It has been reported that RON can be activated by erythropoietin receptor (EPO-R) downstream of JAK2 to promote erythroid progenitor expansion.23 When overexpressed in COS cells, RON forms a complex with EPO-R and can serve as a substrate for JAK2.23 However, it is not known whether JAK2 and RON interact in JAK2-mutated cells at endogenous expression levels. Given the requirement for combination treatment with crizotinib and ruxolitinib to achieve an inhibitory response in persistent cells, we hypothesized that phosphorylated RON and JAK2 form a complex. Therefore, we performed co-immunoprecipitation assays between phospho-RON (pRON) and phospho-JAK2 (pJAK2), or pRON and JAK2 in persistent cells. Consistent with our hypothesis, we found that pJAK2 and JAK2 can be immunoprecipitated using an anti-pRON antibody, and reciprocally, pRON can be immunoprecipitated with an anti-pJAK2 antibody, suggesting that pRON and pJAK2 physically interact in persistent cells at endogenous expression levels (Fig. 3E).
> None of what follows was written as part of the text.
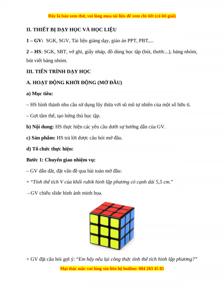 + “Tính thể tích V của khối rubik hình lập phương có cạnh dài 5,5 cm.”

Importantly, we show that dual inhibition of RON and JAK with crizotinib and ruxolitinib disrupts this interaction in both SET2 and HEL persistent cells (Fig. 3F, Fig. S3C-F). These data suggest that phospho-RON physically interacts with phospho-JAK2 to sustain JAK-inhibitor persistence, and that crizotinib impairs this interaction and subsequently decreases JAK/STAT signaling and cell proliferation.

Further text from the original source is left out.